I absolutely agree, I like Todd a lot he has a lot of passion for the game and world. Just try to understand what your guest is saying before reading questions so your audience really gets the most out of the interview. Much love
Yeah right from the very beginning, Jim makes a great point about choosing a character that allows the DM to provide more lore/details so the group can "unlock" more of the adventure - this is an excellent and insightful point that doesn't even get acknowledged because Todd (seemingly) only asked the question so he could answer it, by immediately going into how he'd like to play a monster hunter ranger. Which seems more to me a hazard of enthusiasm than an assholish tendency, but yeah as an interviewer that's something to avoid.
I don’t know if I would call this a guest-show per se... not along the lines of a Conan or Leno at least... or call Jim Davis a “guest appearance” so much as a “series regular”.... but, either way I think that it’s a pretty good segment of two people who are as dedicated to the hobby as anyone arguably can be talking about a product that we are all pretty excited about running & giving some inspiration to DMs on how to run different aspects of the game or module. I love these little collaboration series that Todd’s been doing. I think that his enthusiasm & taste for associating tropes & themes drawn from outside material is as invaluable to the genre as a whole as Jim’s love of describing his take on scenario-hooks or supporting game-mechanics. Sure, like any talk-show, there’s some interjected detours & anecdotes or host personality quirks in the delivery; but, personally I always enjoy both of their takes on content and I think they complement each other’s styles really well whenever they produce these video together. Maybe Todd just reminds you of somebody that you know personally that has that habit that rubs you the wrong way...?
@@tristencovarrubias4950 The fact you ended your comment with you thinking that he is offended by someone personally and as well as what you opened up your comment with is down right idiotic. How in the world does his comment not strike true, he gives great criticism and even gives a solid solution. He didn't make it even remotely personal but you are taking it there.

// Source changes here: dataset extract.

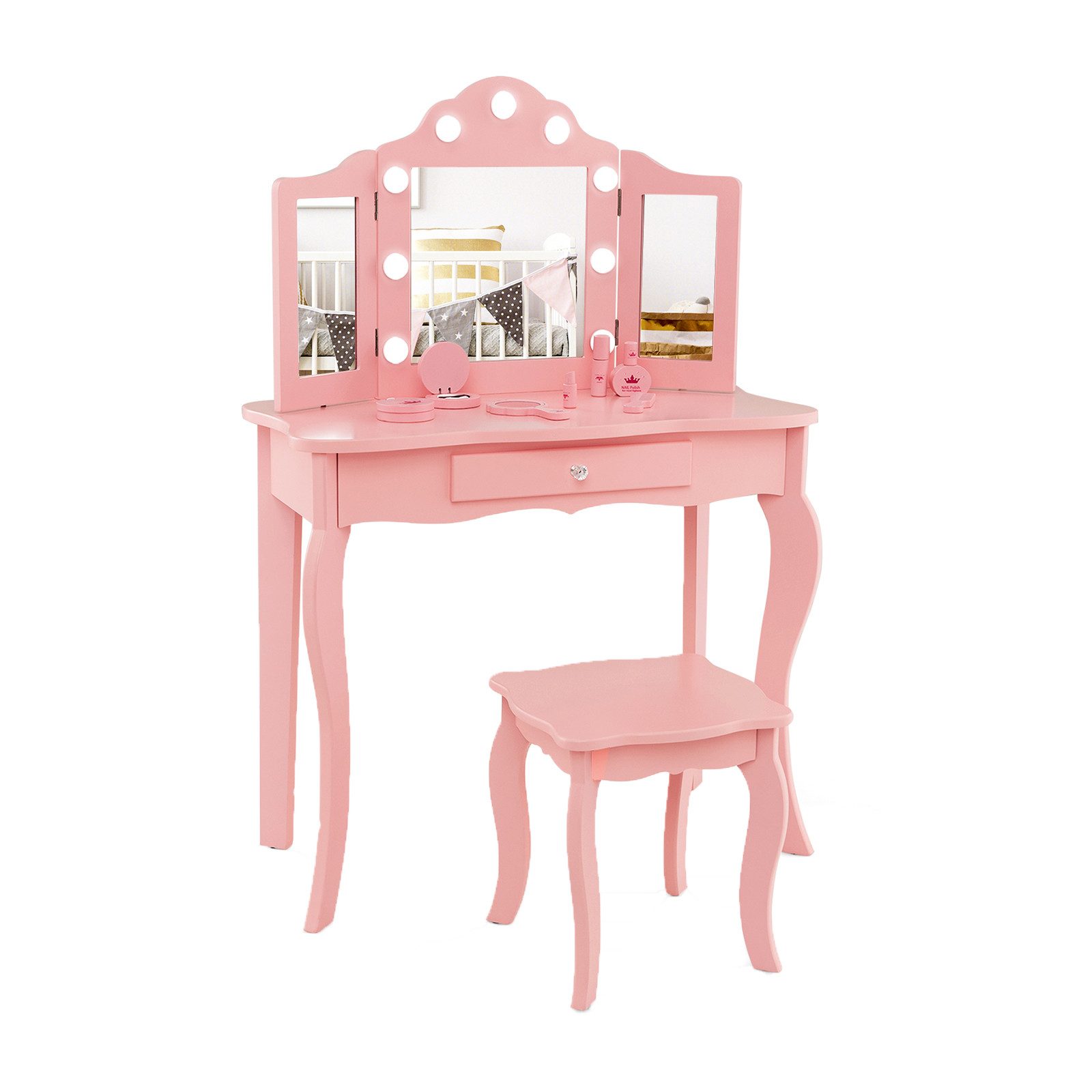 Der Schminktisch ist mit einem dreifach klappbaren silbernen Spiegel ausgestattet, der abgenommen werden kann, um den Tisch als Schreibtisch zu nutzen. Und der mittlere Spiegel ist mit dreifarbig dimmbaren LED-Lichtern bestückt, die ein realistisches Make-up-Erlebnis bieten. Mithilfe der Schublade unter der Tischplatte können Kinder ihre Kleinigkeiten gut verstauen. Abschließend kann dieses Schminktisch-Set für mehr Sicherheit mit der mitgelieferten Kippsicherung an der Wand befestigt werden.

One of my favorite moments where I made my daughter cry (and I say this because she laughs about it a lot now) is when I was running a game for her and some of her cousins. I had a Cloud Giant ask the party to travel into the "cloud tunnels" under its home to take care of the creatures infesting the "basement", taming them if possible.. The giant explained that she had just recovered her home from a mad mage who had controlled it for a while. The mage was known to have done experiments on powerful creatures like displacer beasts and phase spiders, which I allowed them to read about as a group. This caused the appropriate excitement, as they comprehended that those would be too powerful for them to face if they were the issue. They soon learned is that the mage had crossed the two, and created "Spider Cats" - I then showed them several images I'd found online of "Spider Cats", which i thought were just scary enough to make the kids shiver but cute enough for taming to be an option. My daughter stood up and screamed "I HATE YOU DAD! You took the thing I love most and the thing I hate most and combined them! I'm never playing D&D again!" The game dissolved into lots of hugs but she didn't want to play again for about a year. Now she DMs and I'm pretty sure she's used Spider Cats in her game.
I like the Rogue in this sort of environment. ...I would probably take the "Mobile" feat, which is a huge asset for this class, to gain them the ability to ignore difficult terrain with the "Dash" action. Because rogues get "Cunning Action", they can use their bonus action to "Dash" with impunity...which will let them go through all that thick snow and difficult terrain, which there is sure to be a lot of. As for subclass...I am really considering the classic "Thief" rogue: I foresee "Fast Hands" getting a ton of use...interacting with objects throughout this survival-horror themed campaign might be the difference between life and death.
OMG Jim's talk about doing the right thing at the end was super cool. And it makes me realize that I probably shouldn't trust the players I DM for IRL lol XD If an NPC so much as inconveniences them they wanna murder them. And these guys don't RP, they power fantasy. Hope I personally become expendable to them...
Jim, we have the same mindset! I love making rangers, especially for more exploration based games like Tomb of Annihilation, so I'm hyped for this one. I like Todd's idea of making a Monster Slayer, I might do that!
I think your point about doing the right thing even if it isn't always what you want to do is something that people need now more than ever and not just in d&d.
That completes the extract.